The Museum of Extraordinary Things


ONE MORNING, not long after Mr. Morris’s departure, as Maureen and I sat on the back porch peeling potatoes for a stew, I found myself thinking about “The Tell-Tale Heart,” a story of Poe’s that Mr. Morris had read to us in which a murderer cannot escape his own guilt. I was thirteen at this time, and I was especially interested in the ways in which some men felt guilt, while others seemed free to hurt those closest to them without remorse. The protagonist in Poe’s story is certain he continues to hear the heart of his victim beating beneath the floorboards, but it is the pulse of his own guilt that resounds. I wondered if all men’s deeds came back to haunt them and proposed an idea to Maureen: if the Wolfman were to become famous at some other exhibition, perhaps my father would regret his decision and want to hire him again and then all would be well.

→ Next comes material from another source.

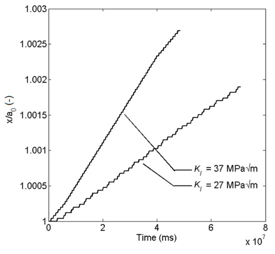 The crack growth in Figure 12 is for = 27 and with the environmental parameter m = 0.52. The step like curves are the result from the cyclic film rupture process.

“Oh, I doubt that,” Maureen said coldly. “Your father has no regrets.”

“He must. All good men do, and he must have been that for my mother to have loved and married him.”

Maureen studied me, and I felt pity in her gaze. Of course she thought I was na?ve, and I suppose I was. I’d been kept away from the world, and what I knew of it were bits and pieces that didn’t add up.

“Love is odder than anything you might find here,” Maureen instructed. Her voice was kind, yet I felt she was delivering a warning. She sometimes carried Mr. Morris’s edition of Jane Eyre with her, for it was pocket size and she was very attached to it. I wasn’t certain if it was the story she was faithful to, or if her loyalty belonged to the man who had given her the book.

“Did you love Mr. Morris?” I asked. It was bold of me to question her so, for I’d been warned by my father never to bring up his name. But I was truly interested in Maureen’s welfare, and I think she softened when she saw my earnest expression.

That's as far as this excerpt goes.